Many if not most of these various machinery at the wellsite 170 accordingly utilize a diesel or other fuel types to perform their functionality. Such fuel is expended and exhausted as exhaust gas, such as exhaust gas including CO2. The embodiments described herein provide a system and method for collecting, converting to formic acid, and, in embodiments, introducing the formic acid 145 downhole, thus sequestering CO2 from such machinery 180 located and operated at a wellsite 170, and reducing atmospheric CO2 emissions, while reducing material and time costs. It is to be appreciated that other configurations of the wellsite 170 may be employed, without departing from the scope of the present disclosure. Although a number of various machinery 180 at wellsite 170 have been mentioned, many other machinery may utilize diesel or other fuel that creates exhaust gas including CO2 that may conventionally be exhausted into the atmosphere, but herein utilized to form formic acid as described herein.


In some embodiments, the present disclosure provides collecting exhaust gas including CO2 115 from such machinery 180 located and operated at a wellsite 170 and utilizing such collected exhaust gas 115 to form formic acid 145 as detailed herein. In embodiments, exhaust gas 107 is produced by fracturing equipment (e.g., hydraulic fracturing pumping equipment 184, hydraulic horsepower pumping units 184, electrical generation natural gas turbine units 188, electrical generation reciprocating natural gas power units 185, or a combination thereof) utilized to fracture a formation during a fracturing operation in formation 177.
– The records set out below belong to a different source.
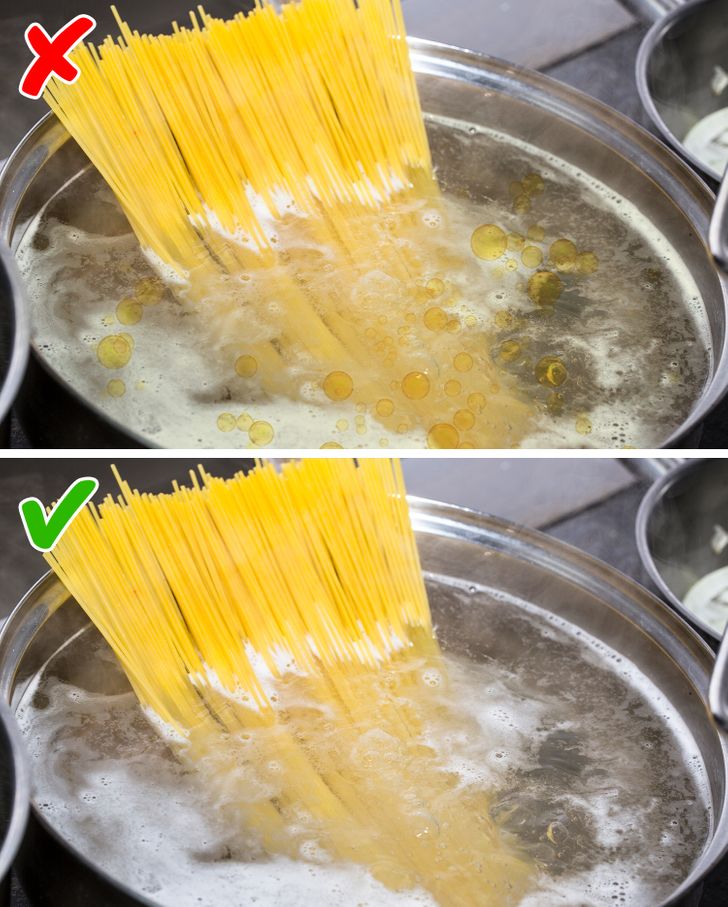 8. Додавање масло (секое масло) во водата во која ќе готвите тестенини.
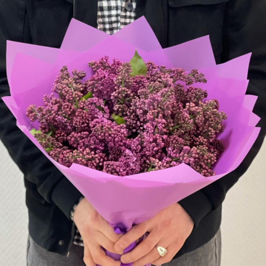На фото букет свежей ароматной сирени. В составе: сирень 21 шт, дизайнерская упаковка 3 шт, атласная лента 2 шт, . Все цветы свежие и ароматные, букет красиво оформлен и отлично подходит для подарка. Доступна доставка цветов или самовывоз.
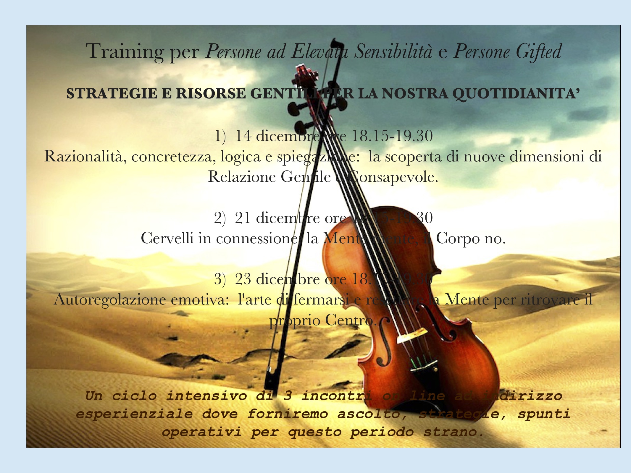 Un ciclo intensivo di 3 incontri on line da lunedì 14 ore 18,30 ad indirizzo esperienziale dove forniremo ascolto, strategie, spunti operativi per questo periodo strano.
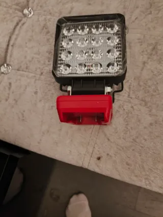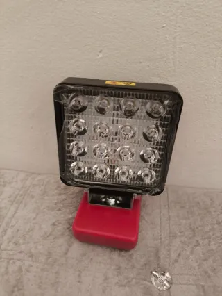 Foco de luz LED cuadrado con base roja. - Panel de 16 LEDs. - Base de color rojo.
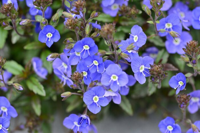 グランドカバーにオススメのベロニカ・オックスフォードブルーはクリスマスローズとも相性ピッタリの多年草。花が咲く時期が少しずれていますが、葉は冬になると銅葉に変わります。大人っぽいシックな印象が好みの方にオススメです。※参考価格:400~600円前後(3号ポット苗)
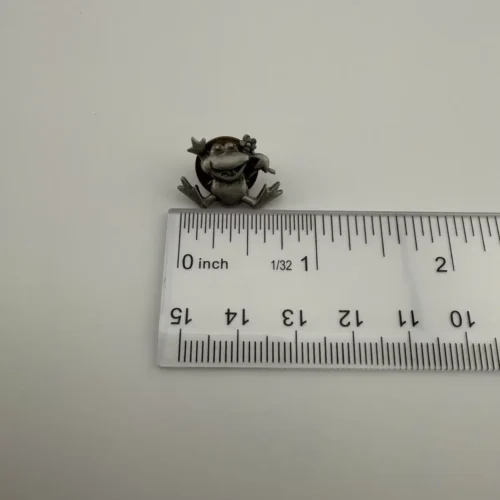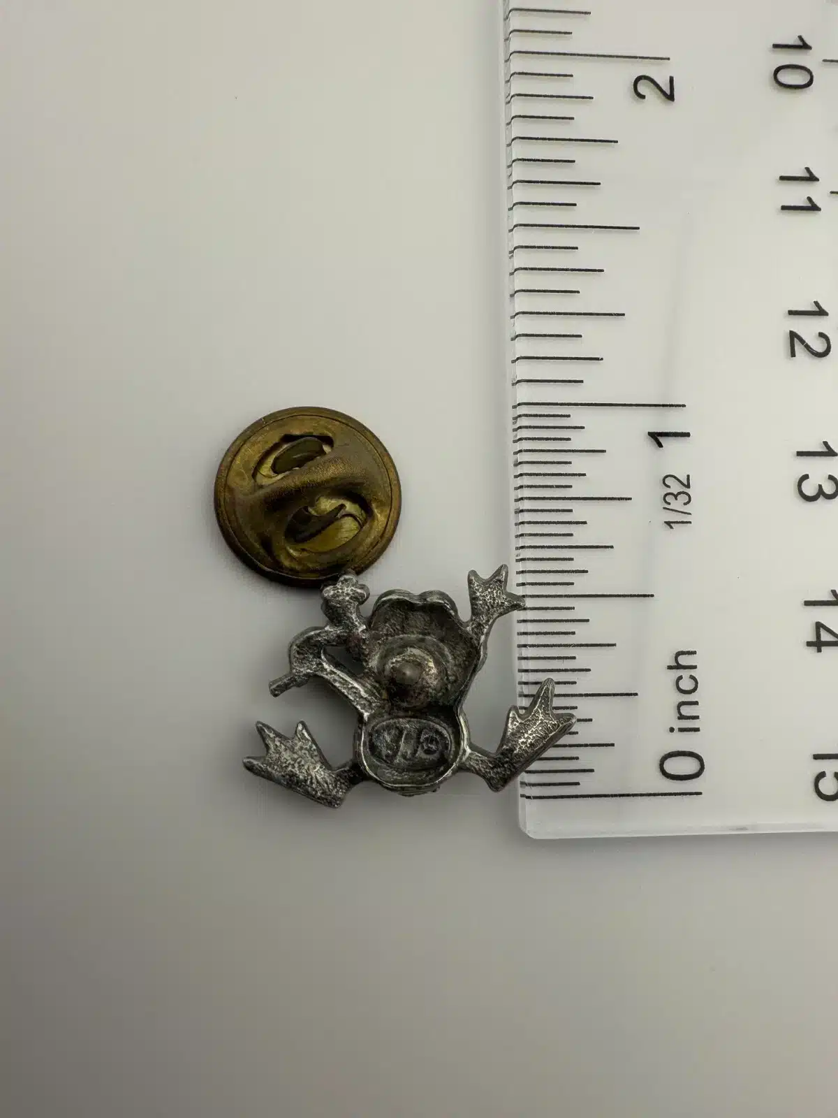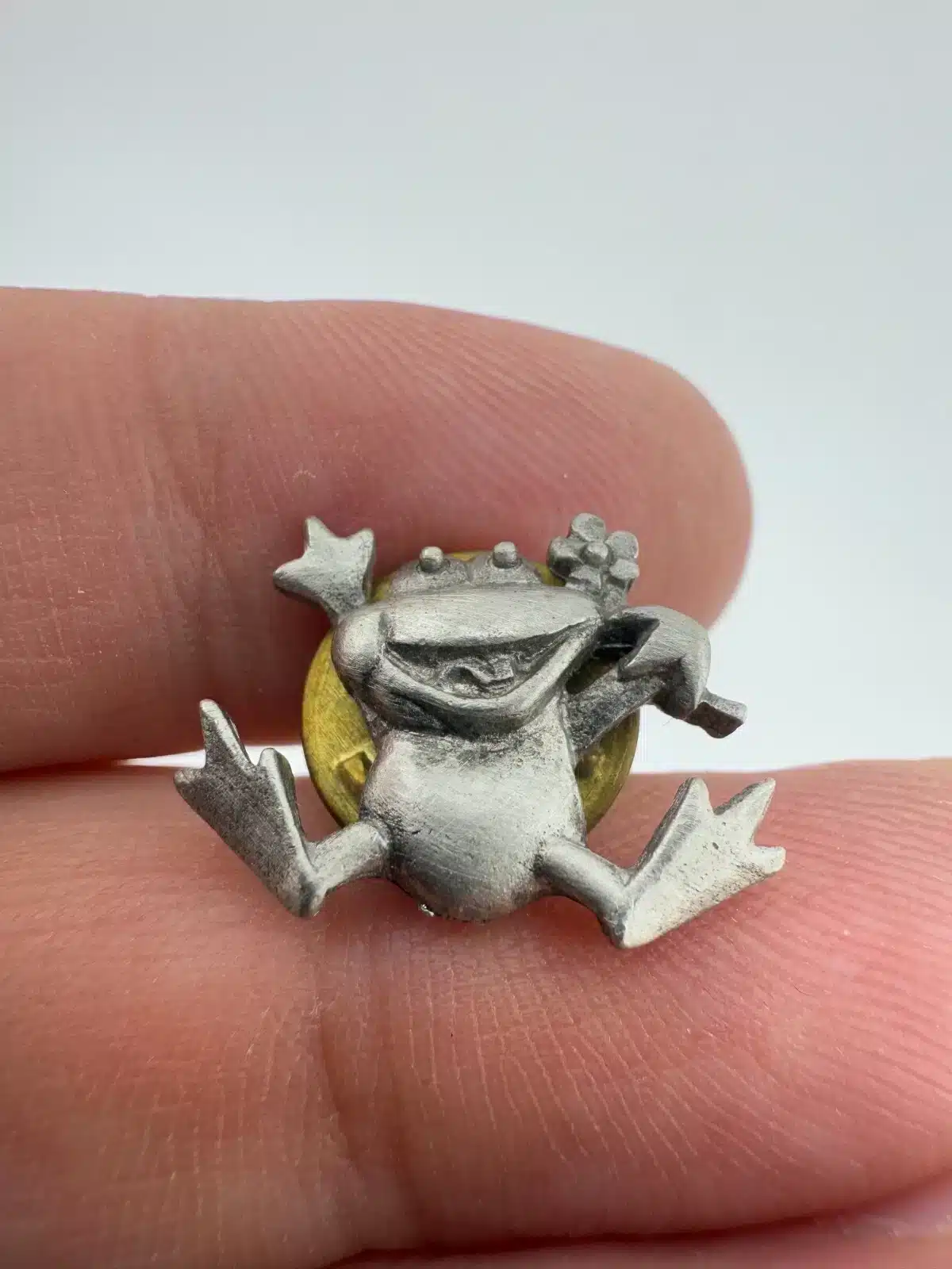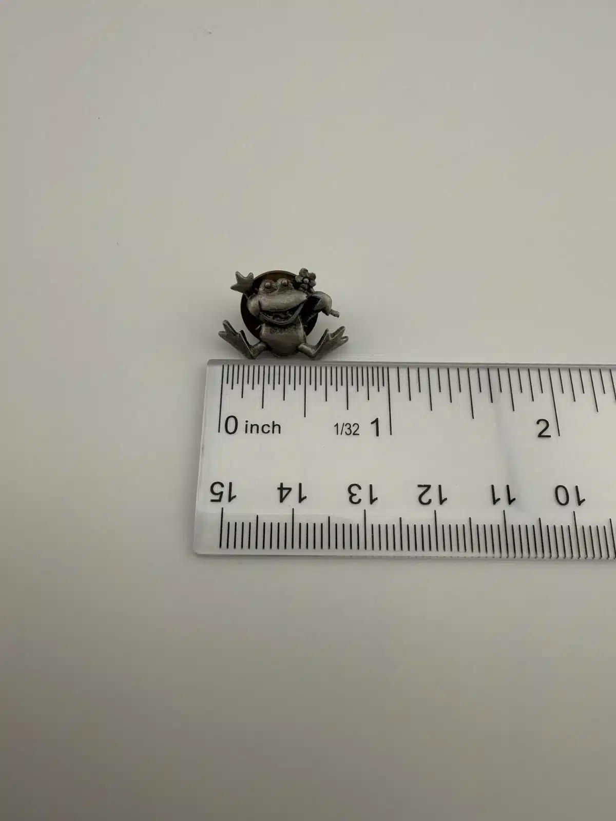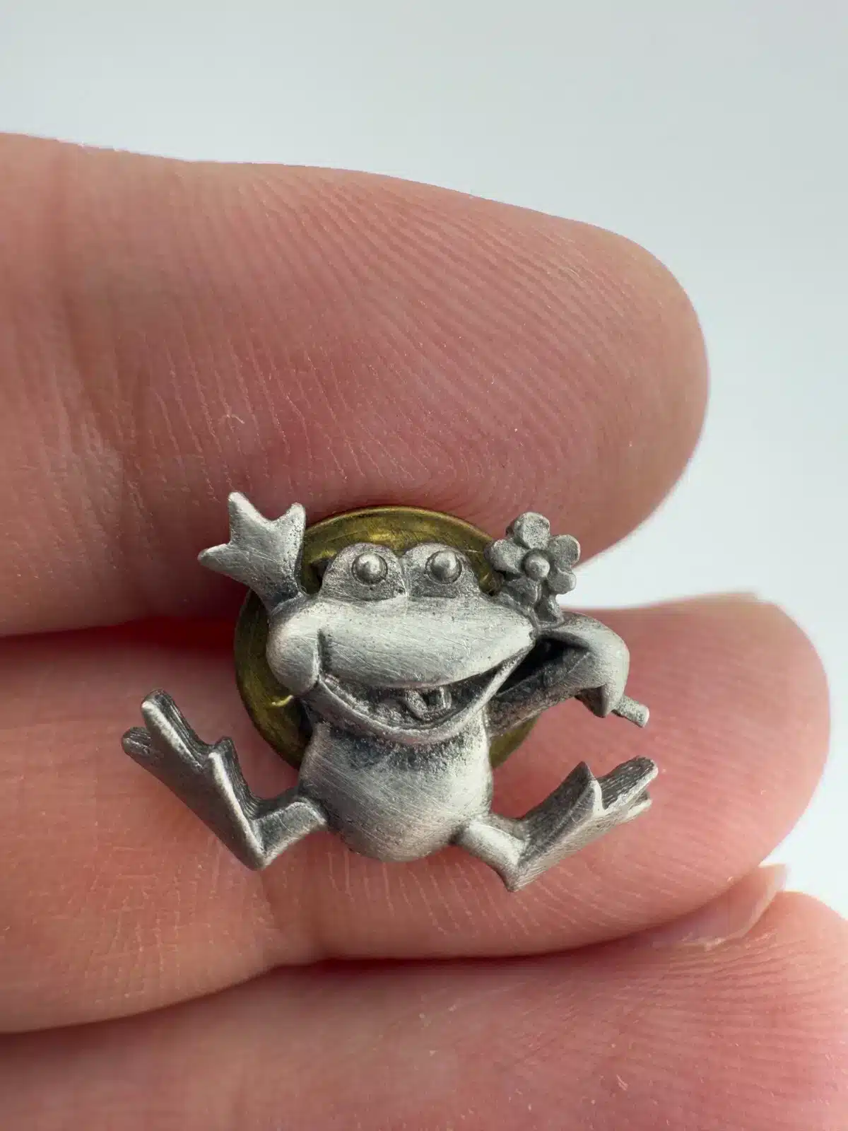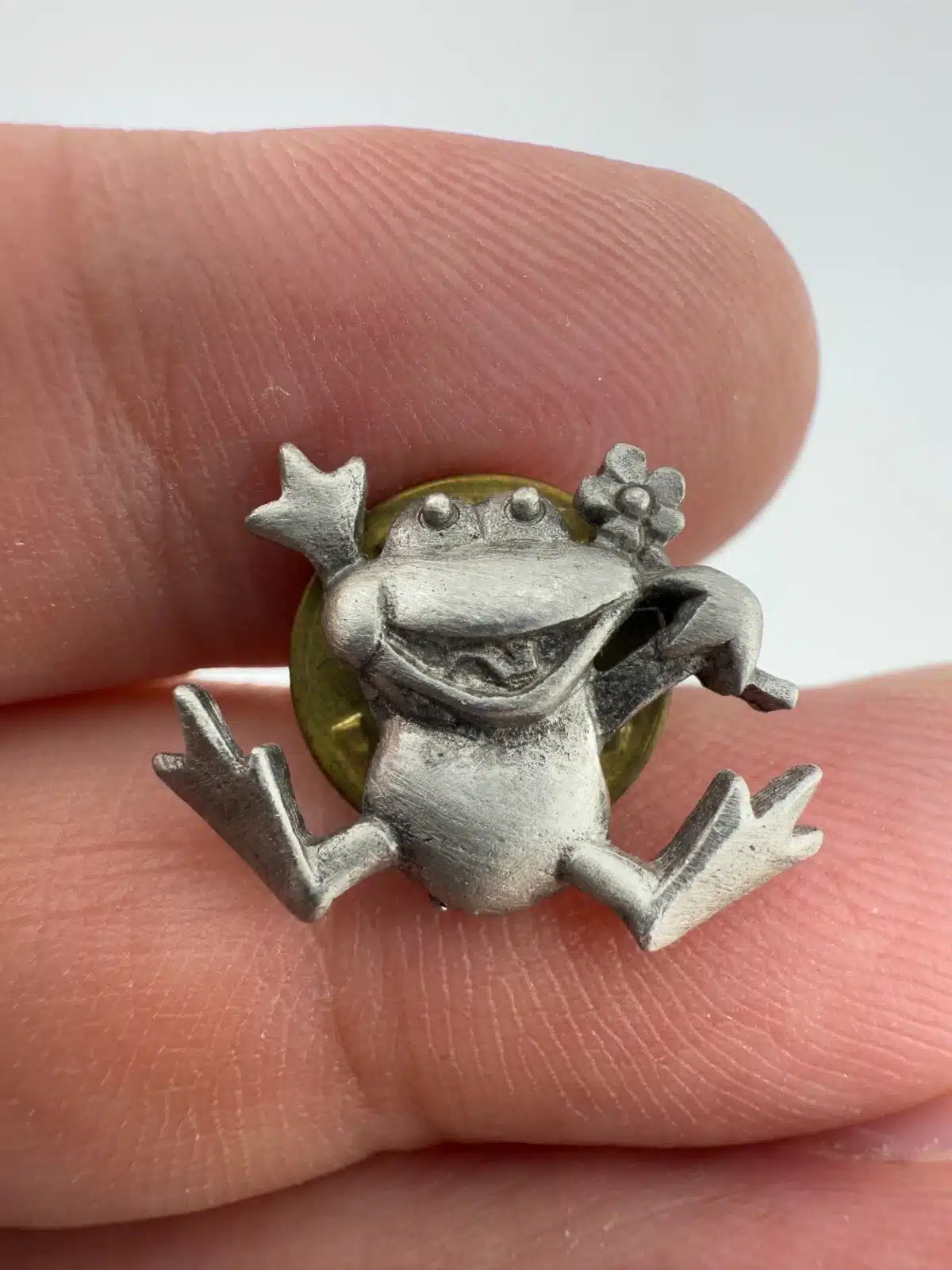 Vintage JJ Happy Frog With Flower Lapel Hat Pin – Silver Tone – Small

Although described hereinabove with reference to a wellsite 170, a source of the exhaust gas comprising CO2 107 that is collected at step 10 of the method I can be any convenient exhaust gas. The exhaust gas source can be a gaseous CO2 source. This gaseous exhaust gas may vary widely, ranging from air, industrial waste streams, etc. As noted above, the exhaust gas can, in certain instances, include an exhaust waste product from an industrial plant. The nature of the industrial plant may vary in these embodiments, where industrial plants of interest include power plants, chemical processing plants, and other industrial plants that produce exhaust gas comprising CO2 as a byproduct. By waste stream is meant a stream of gas (or analogous stream) that is produced as a byproduct of an active process of the industrial plant, e.g., an exhaust gas. The gaseous stream may be substantially pure CO2 or a multi-component gaseous stream that includes CO2 and one or more additional gases. Multi-component gaseous streams (containing CO2) that may be employed as a CO2 source in embodiments of the subject methods include both reducing, e.g., syngas, shifted syngas, natural gas, and hydrogen and the like, and oxidizing condition streams, e.g., flue gases from combustion. Particular multi-component gaseous streams of interest that may be treated according to the subject invention include: oxygen containing combustion power plant flue gas, turbo charged boiler product gas, coal gasification product gas, shifted coal gasification product gas, anaerobic digester product gas, wellhead natural gas stream, reformed natural gas or methane hydrates, and the like.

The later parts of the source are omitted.